Personal freedoms should not trump public health
Our nation’s local, state and national public health agencies have endured constant attack during the COVID-19 pandemic for doing their job to protect the populace.
Politicians dismiss public health and scientific expertise without rationale and discourage simple, yet effective, public health measures such as distancing and wearing a mask. The effectiveness of federal public health agencies, the Food and Drug Administration (FDA) and Centers for Disease Control and Prevention (CDC), has been diminished by political manipulations. Widespread misinformation and rejection of COVID-19 public health measures have eroded trust in public health agencies and licensed individuals to put personal freedom above the wellbeing of their fellow citizens. The result — a pandemic that rages out of control.
With inadequate national pandemic guidance, states have cobbled together a hodgepodge of responses to the pandemic with the responsibility falling largely upon local and state health departments. These departments perform many vital services with the goal of safeguarding public health. They face increasing challenges, not only due to the immense burden of COVID-19, but also seasonal flu, vaccine-preventable disease outbreaks, rising obesity, rising rates of STDs, substance misuse, rising suicide rates and much more. Yet, due to politicization of the COVID-19 pandemic, public health offices have been attacked and personnel threatened or driven from their jobs fearing for their safety.
Unfortunately, Americans have become so accustomed to the services of public health agencies that they are taken for granted. Most citizens are unaware of the fragile nature of the public health infrastructure and how perilously close that places them to serious health risks. This ignorance is borne out by the hostile response of many Americans to COVID-19 mitigation. Wearing a mask is cited as an infringement on personal freedom. Yet, our freedom comes with responsibility. The responsible act of wearing a mask prevents those who are asymptomatically infected from infecting someone for whom infection may be deadly.
But imagine if SARS-CoV-2, the virus that causes COVID-19, was more pathogenic. Imagine if it made the majority of those infected fall seriously ill. Imagine that it killed indiscriminately in every age group. Imagine family members, regardless of age, gasping for that last breath. Imagine hospitals so overwhelmed that they were unable to take in the sick. Imagine cold storage trucks driving through neighborhoods, stopping to take away the dead. Imagine the economic collapse that would follow.
This pandemic scenario is not far from reality. There has been one virus outbreak with pandemic potential approximately every 10 years for the last 100 years. The next influenza virus or coronavirus to emerge might spread better than SARS-CoV-2 and be more deadly. We remain woefully underprepared for such a pandemic. COVID-19 has exposed the fault lines in our response and in our ability to unite in a crisis.
COVID-19 has resulted in 13 million total cases in the US, increasing by 150,000 new cases per day.
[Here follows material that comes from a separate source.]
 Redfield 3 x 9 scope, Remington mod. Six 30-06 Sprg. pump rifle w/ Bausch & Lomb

The over 265,000 deaths suffered in the U.S. increases by 2,000 per day. Thanksgiving day saw a record 90,000 hospitalizations. Yet, these staggering numbers seem insufficient to convince the COVID-19 skeptics to practice simple humanitarian gestures to protect one another and control the spread. This pace in COVID-19 cases will result in collapse of the health care infrastructure in many regions of the country resulting in overwhelmed hospitals unable to care for the sick. And, it will get worse as the Thanksgiving holiday surge appears in the coming days.
The data are clear. Countries, like New Zealand, that implemented public health measures early have fared better. Early implementation of the simple public health mitigation procedures of masking, distancing and hygiene would have allowed the U.S. to control the pandemic with fewer closures and lockdowns and fewer deaths. Where masking has been mandated, case numbers have fallen as cloth masks protect both the wearer and others from infection.
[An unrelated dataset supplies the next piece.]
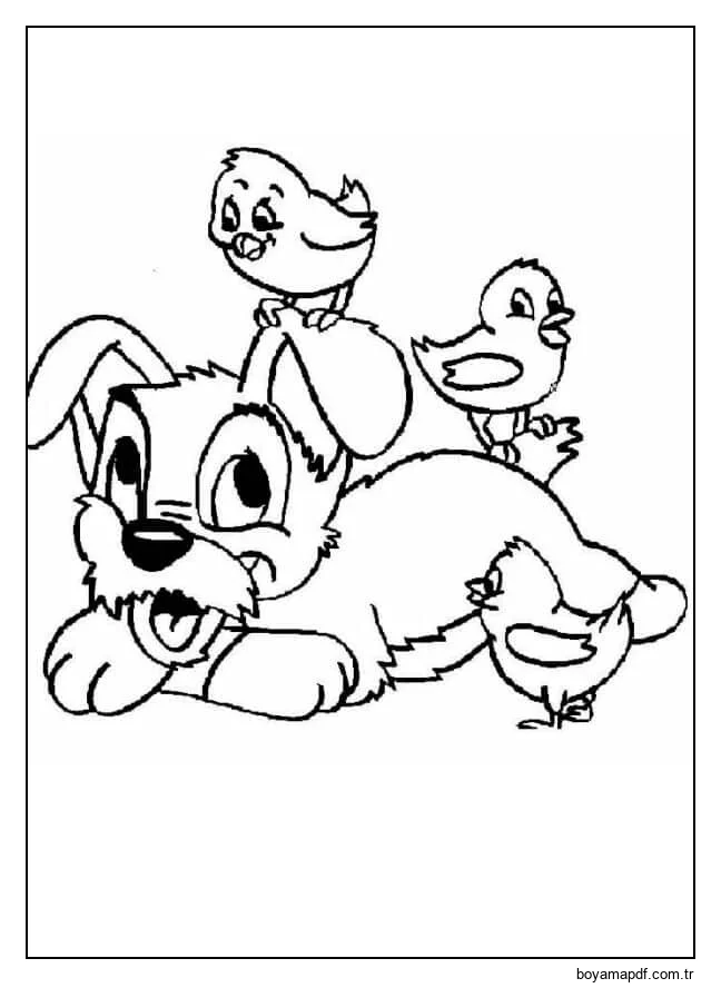 Kuşlarla Oynayan Köpek Yavrusu Boyama Sayfası

The announcement of potential vaccines, by Pfizer and BioNTech and Moderna, has been mistakenly seen by many as a reason to relax mitigation practices. Unfortunately, months of pandemic remain until enough people are vaccinated to slow community spread in the absence of masking and distancing. If the vaccines are effective and safe, the logistical difficulties of manufacturing and distributing enough to vaccinate the global population to approach communal or herd immunity could take years. And this may never happen if large numbers refuse the vaccine.
We must change the course of COVID-19 and prepare for the coming pandemics. In the short term we must comprehend the perilous situation we are facing with a national mandate for masking in public spaces. In the long term, public health initiatives at all levels, including public health education, must be well-funded and organized so that the public is better prepared. Future pandemic threats must be anticipated. The means to detect them and respond early must be established within a permanent federal agency dedicated to pandemic response and global health security. Above all else, these efforts must be impervious to politics.
James Alwine is a virologist and a fellow of the American Academy for Microbiology and the American Association for the Advancement of Science. Felicia Goodrum Sterling is a 2018 Public Voices Fellow of the OpEd Project, a professor and virologist.